=== Begin Enclosure ===
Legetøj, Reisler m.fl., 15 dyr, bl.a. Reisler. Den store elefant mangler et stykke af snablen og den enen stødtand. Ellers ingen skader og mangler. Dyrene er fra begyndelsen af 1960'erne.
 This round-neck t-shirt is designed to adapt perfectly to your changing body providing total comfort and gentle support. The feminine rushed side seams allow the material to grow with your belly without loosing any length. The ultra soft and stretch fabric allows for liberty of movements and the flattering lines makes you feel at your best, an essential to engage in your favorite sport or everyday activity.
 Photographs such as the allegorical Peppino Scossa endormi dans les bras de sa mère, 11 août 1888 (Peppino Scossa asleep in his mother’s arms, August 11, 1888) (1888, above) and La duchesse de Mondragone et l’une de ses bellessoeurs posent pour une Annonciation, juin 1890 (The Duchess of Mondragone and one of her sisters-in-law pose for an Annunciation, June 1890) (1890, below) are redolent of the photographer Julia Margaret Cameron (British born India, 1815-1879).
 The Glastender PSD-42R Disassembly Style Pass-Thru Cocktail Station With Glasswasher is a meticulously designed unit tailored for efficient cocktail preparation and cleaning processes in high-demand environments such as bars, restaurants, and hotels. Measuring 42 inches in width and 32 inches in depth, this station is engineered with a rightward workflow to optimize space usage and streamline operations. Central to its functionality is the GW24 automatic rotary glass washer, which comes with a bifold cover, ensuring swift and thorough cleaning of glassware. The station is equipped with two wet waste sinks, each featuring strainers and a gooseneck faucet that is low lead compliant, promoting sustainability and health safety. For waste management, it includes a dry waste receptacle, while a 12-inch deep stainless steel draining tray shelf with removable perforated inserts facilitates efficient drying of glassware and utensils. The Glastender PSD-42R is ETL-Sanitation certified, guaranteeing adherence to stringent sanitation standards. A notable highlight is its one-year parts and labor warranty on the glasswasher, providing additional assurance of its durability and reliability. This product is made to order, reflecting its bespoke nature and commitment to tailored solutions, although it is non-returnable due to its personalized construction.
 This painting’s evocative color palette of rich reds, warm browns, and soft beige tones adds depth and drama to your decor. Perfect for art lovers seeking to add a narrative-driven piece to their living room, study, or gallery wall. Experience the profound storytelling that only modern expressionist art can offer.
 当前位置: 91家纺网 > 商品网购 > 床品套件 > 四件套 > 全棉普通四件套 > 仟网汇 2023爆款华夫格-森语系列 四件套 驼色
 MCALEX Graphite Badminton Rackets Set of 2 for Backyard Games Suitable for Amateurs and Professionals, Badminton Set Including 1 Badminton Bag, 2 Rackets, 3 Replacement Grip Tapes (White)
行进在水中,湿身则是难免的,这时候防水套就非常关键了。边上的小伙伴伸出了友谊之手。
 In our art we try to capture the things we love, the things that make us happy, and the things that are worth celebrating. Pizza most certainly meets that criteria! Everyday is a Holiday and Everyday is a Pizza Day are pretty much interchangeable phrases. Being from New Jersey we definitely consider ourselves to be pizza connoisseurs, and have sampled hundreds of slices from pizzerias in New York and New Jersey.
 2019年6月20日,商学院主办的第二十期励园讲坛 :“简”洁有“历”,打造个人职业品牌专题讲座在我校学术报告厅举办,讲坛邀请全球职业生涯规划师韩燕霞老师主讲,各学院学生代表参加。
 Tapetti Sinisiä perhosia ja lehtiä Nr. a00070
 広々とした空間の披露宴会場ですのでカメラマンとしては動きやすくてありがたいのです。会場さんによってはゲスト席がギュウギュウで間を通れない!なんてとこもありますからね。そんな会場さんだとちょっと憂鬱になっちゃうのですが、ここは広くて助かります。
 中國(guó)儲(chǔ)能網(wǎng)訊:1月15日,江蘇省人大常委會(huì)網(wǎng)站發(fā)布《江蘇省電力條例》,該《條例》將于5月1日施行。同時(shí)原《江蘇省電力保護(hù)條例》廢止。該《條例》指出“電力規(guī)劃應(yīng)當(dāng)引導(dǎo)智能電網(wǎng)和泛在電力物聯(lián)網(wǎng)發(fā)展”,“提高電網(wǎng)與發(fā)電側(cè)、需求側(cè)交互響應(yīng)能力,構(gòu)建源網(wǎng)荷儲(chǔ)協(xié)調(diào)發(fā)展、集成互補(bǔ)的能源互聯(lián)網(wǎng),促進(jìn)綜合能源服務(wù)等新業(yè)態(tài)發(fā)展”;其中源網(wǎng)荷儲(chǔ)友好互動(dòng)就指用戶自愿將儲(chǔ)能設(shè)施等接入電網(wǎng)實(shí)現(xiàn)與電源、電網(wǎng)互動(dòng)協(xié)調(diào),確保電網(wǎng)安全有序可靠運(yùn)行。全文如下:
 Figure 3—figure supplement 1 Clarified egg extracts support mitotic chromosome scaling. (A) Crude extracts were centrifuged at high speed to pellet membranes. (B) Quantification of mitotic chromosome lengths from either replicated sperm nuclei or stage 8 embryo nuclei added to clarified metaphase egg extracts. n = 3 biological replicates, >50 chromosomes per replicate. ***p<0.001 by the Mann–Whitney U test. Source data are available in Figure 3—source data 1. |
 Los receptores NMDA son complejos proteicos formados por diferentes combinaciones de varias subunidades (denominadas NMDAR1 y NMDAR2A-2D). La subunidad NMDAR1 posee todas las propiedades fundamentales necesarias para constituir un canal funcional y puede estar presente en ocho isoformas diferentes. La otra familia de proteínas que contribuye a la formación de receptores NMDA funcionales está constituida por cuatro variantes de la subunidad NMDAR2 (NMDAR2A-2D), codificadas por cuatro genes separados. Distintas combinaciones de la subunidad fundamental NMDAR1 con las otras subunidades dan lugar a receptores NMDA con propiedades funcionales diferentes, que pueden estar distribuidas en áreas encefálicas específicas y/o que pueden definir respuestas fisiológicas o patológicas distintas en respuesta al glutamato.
=== End Enclosure ===
### Task instructions
Send back an exact copy of only the lines from the line with "行进在水中,湿身则是难免的,这时候防水套" up to and including the line with "中國(guó)儲(chǔ)能" in the data above.

### Exercise output
行进在水中,湿身则是难免的,这时候防水套就非常关键了。边上的小伙伴伸出了友谊之手。
 In our art we try to capture the things we love, the things that make us happy, and the things that are worth celebrating. Pizza most certainly meets that criteria! Everyday is a Holiday and Everyday is a Pizza Day are pretty much interchangeable phrases. Being from New Jersey we definitely consider ourselves to be pizza connoisseurs, and have sampled hundreds of slices from pizzerias in New York and New Jersey.
 2019年6月20日,商学院主办的第二十期励园讲坛 :“简”洁有“历”,打造个人职业品牌专题讲座在我校学术报告厅举办,讲坛邀请全球职业生涯规划师韩燕霞老师主讲,各学院学生代表参加。
 Tapetti Sinisiä perhosia ja lehtiä Nr. a00070
 広々とした空間の披露宴会場ですのでカメラマンとしては動きやすくてありがたいのです。会場さんによってはゲスト席がギュウギュウで間を通れない!なんてとこもありますからね。そんな会場さんだとちょっと憂鬱になっちゃうのですが、ここは広くて助かります。
 中國(guó)儲(chǔ)能網(wǎng)訊:1月15日,江蘇省人大常委會(huì)網(wǎng)站發(fā)布《江蘇省電力條例》,該《條例》將于5月1日施行。同時(shí)原《江蘇省電力保護(hù)條例》廢止。該《條例》指出“電力規(guī)劃應(yīng)當(dāng)引導(dǎo)智能電網(wǎng)和泛在電力物聯(lián)網(wǎng)發(fā)展”,“提高電網(wǎng)與發(fā)電側(cè)、需求側(cè)交互響應(yīng)能力,構(gòu)建源網(wǎng)荷儲(chǔ)協(xié)調(diào)發(fā)展、集成互補(bǔ)的能源互聯(lián)網(wǎng),促進(jìn)綜合能源服務(wù)等新業(yè)態(tài)發(fā)展”;其中源網(wǎng)荷儲(chǔ)友好互動(dòng)就指用戶自愿將儲(chǔ)能設(shè)施等接入電網(wǎng)實(shí)現(xiàn)與電源、電網(wǎng)互動(dòng)協(xié)調(diào),確保電網(wǎng)安全有序可靠運(yùn)行。全文如下:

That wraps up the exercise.